I have a pixel struct:

struct Pixel {
 unsigned char r, g, b, a;
};

And I have two methods for converting between pixel coordinates and normalized pixel coordinates. w and h are image width and height respectively.

int getPixelIndex(float2 norm, int w, int h) {
   return (int)(norm.x*h)*w + norm.y*h;
}

float2 getPixelNormCoords(int index, int w, int h) {
   float2 norm;
   norm.x = (index % w) / (float)(w-1);
   norm.y = (index / h) / (float)(h-1);
   return norm;
}

Now if I want to draw a red pixel under the cursor I could do it like this:

int pixelIndex = getPixelIndex(cursorNorm.x, cursorNorm.y, w, h);

pixels[pixelIndex] = {255, 0, 0, 255};

However what if I want to fill more pixels around the cursor, to create different brushes. Say I want to create a square brush with a given offset d.
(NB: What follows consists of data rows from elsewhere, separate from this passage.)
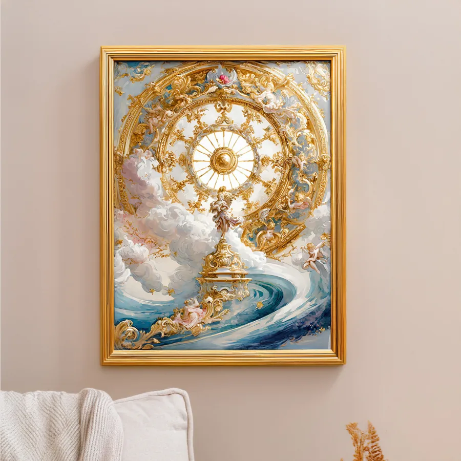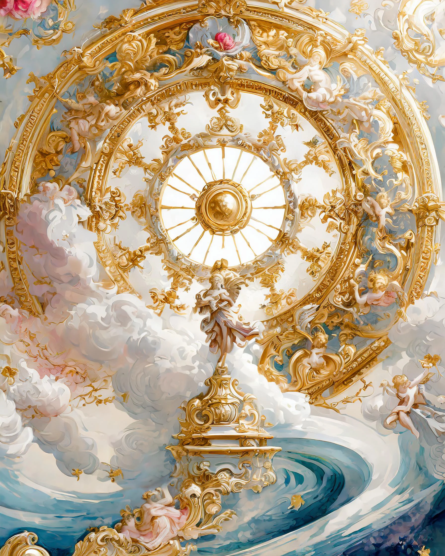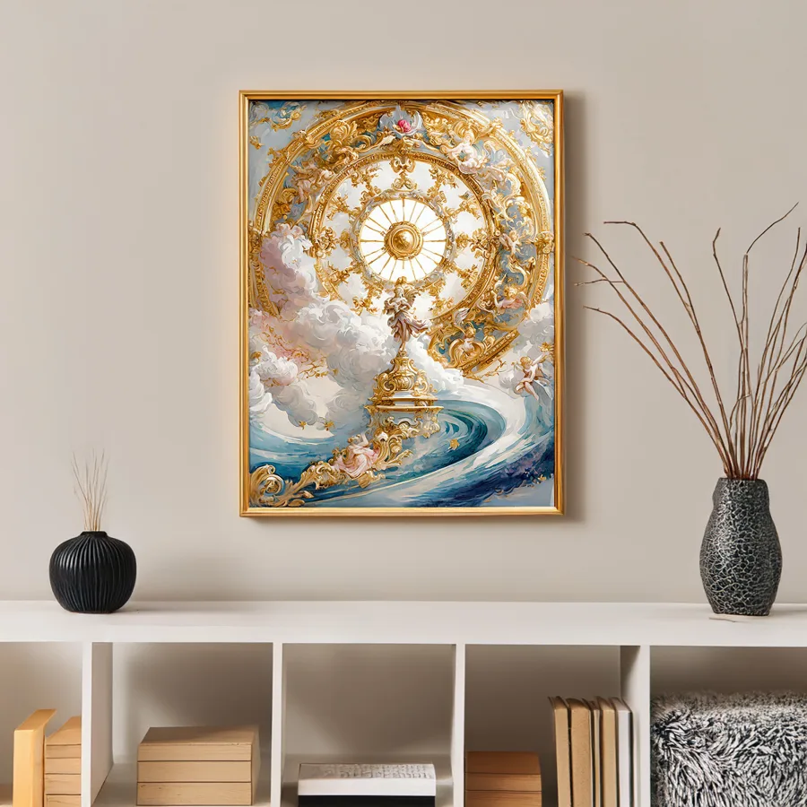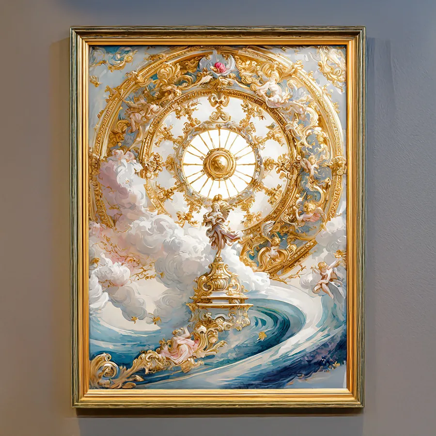 Layers upon layers of gilded cherubs and billowing clouds spiral upward into what can only be described as the most extra ceiling flex of all time. The masterful blend of Baroque and Rococo styles creates an almost overwhelming explosion of heavenly blue and gold that screams "I have more money than God and I want everyone to know it." If you're not immediately plotting how to recreate this vibe in your basic apartment with some LED strips and gold spray paint, are you even living?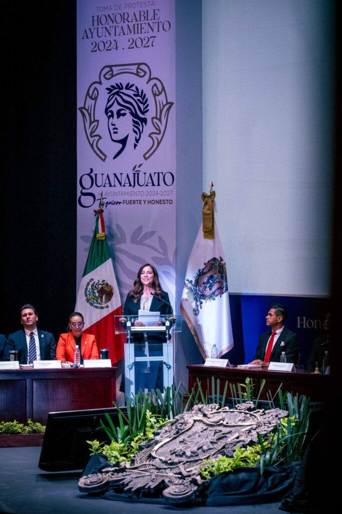 Expresó la Gobernadora del Estado, Libia Dennise García Muñoz Ledo, al atestiguar la Toma de Protesta del Ayuntamiento de Guanajuato 2024-2027, encabezado por Samantha Smith Gutiérrez.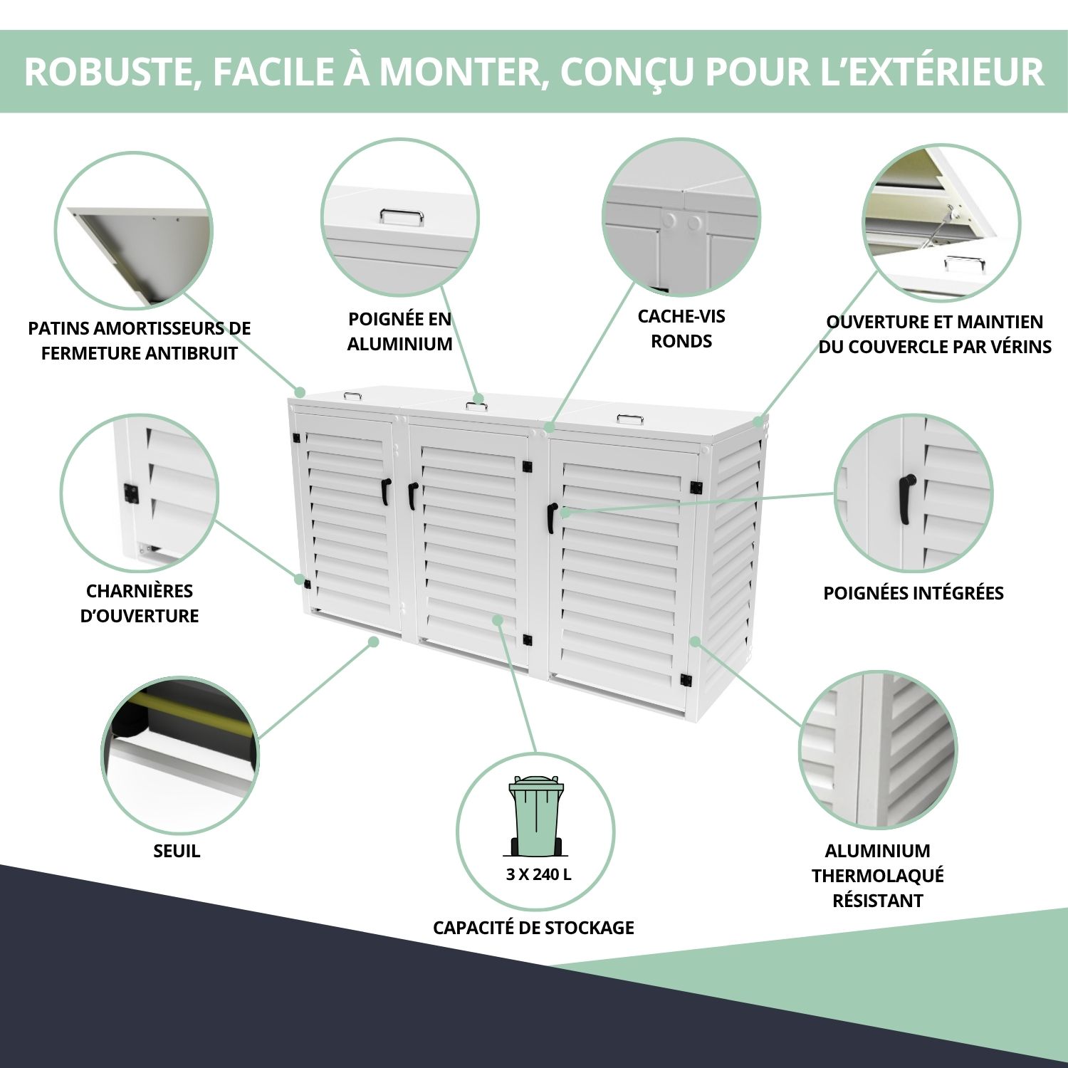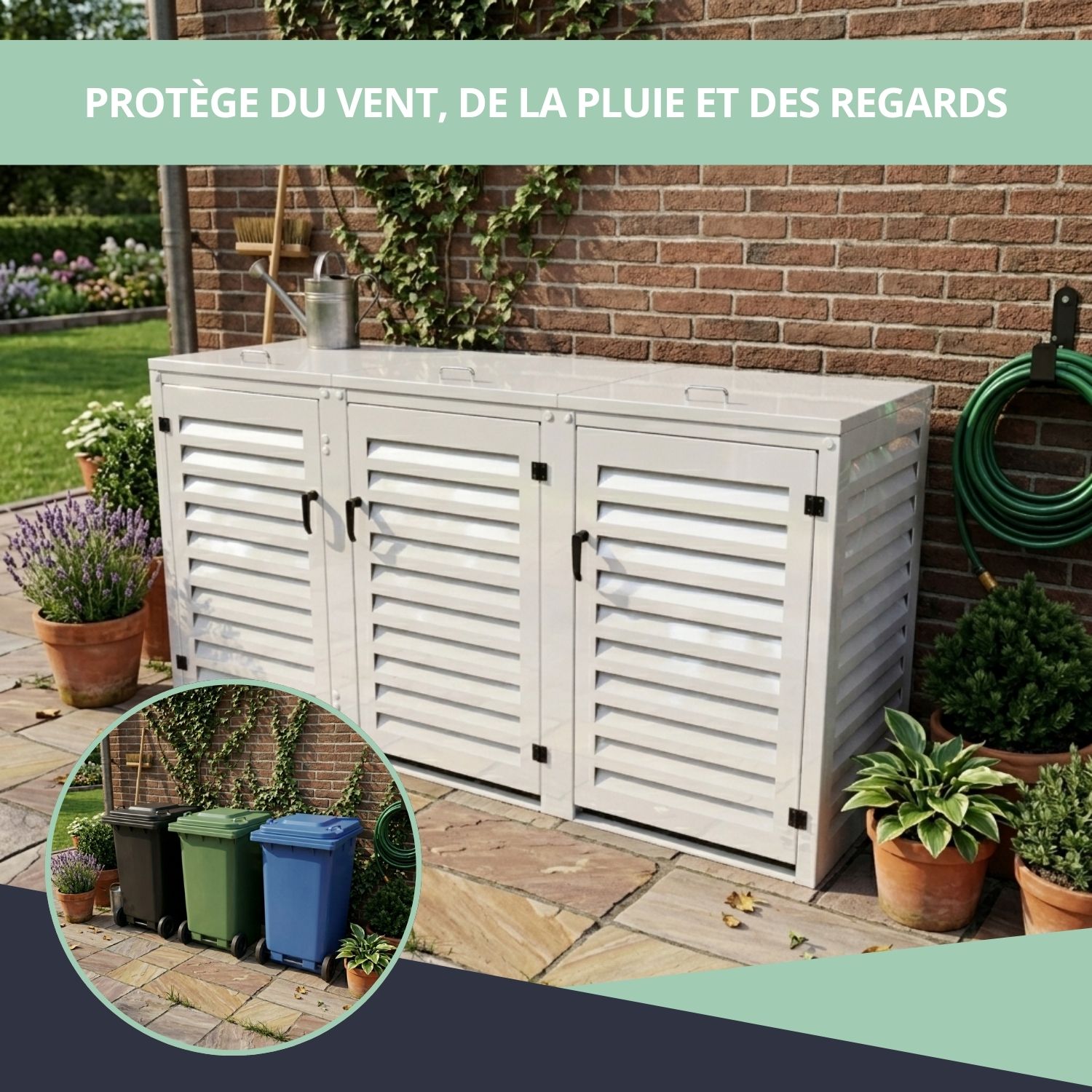 – Abri poubelle extérieur pour 3 conteneurs 240 L
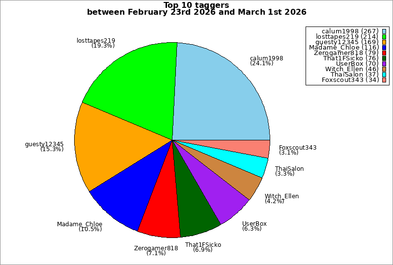 | Top 10 taggers between February 23rd 2026 and March 1st 2026 | ||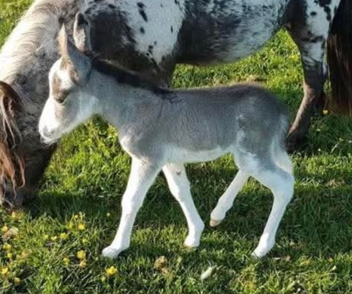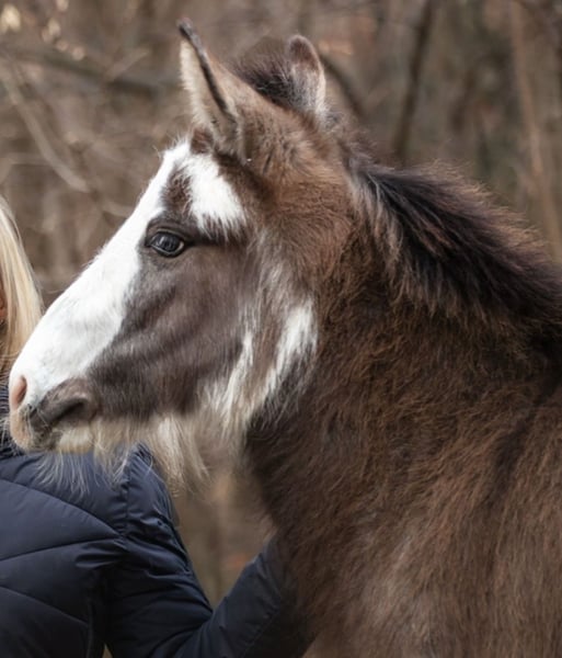 Elsa is something very special: a miniature mule✨ She has a super sweet character, loves to cuddle, and enjoys snuggling a lot. She is very playful and loves free work. She also enjoys going for walks. Elsa lives with us in a mixed herd and is very compatible.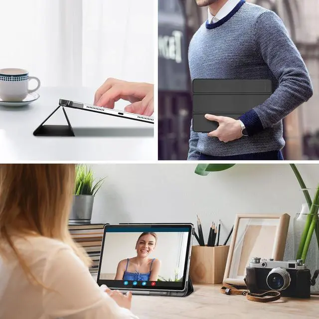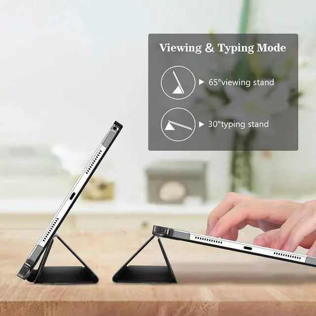 Stand Case: Slim Magnetic Front Cover can be folded into a triangle to prop up the tablet in landscape for viewing or typingSlim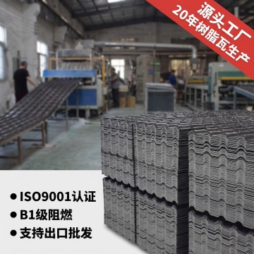 工业风实景拍摄,金属质感树脂瓦堆叠,突出体积感与现代科技感,融合印刷风设计元素,传递源头工厂20年专业生产实力与商务信赖感。

One hacky way to do this would be:

float delta = 10e-4;
for (float i = -d; i < d; i+=delta) {
  for (float j = -d; j < d; j+=delta) {
    int pixelIndex = getPixelIndex(cursorNorm.x+i, cursorNorm.y+j, w, h);
    pixels[pixelIndex] = {255, 0, 0, 255};
  }
}

Another way would be to iterate over each pixel:

for (int i = 0; i < size(pixels); i++) {
   float2 norm = getPixelNormCoords(i, w, h);

   if (fabs(norm.x-cursorNorm.x) < d && fabs(norm.y-cursorNorm.y) < d)
      pixels[i] = {255, 0, 0, 255};
}

However this way seems to be extremely costly.

Are there more efficient and less hacky methods to accomplish what I'm trying to do?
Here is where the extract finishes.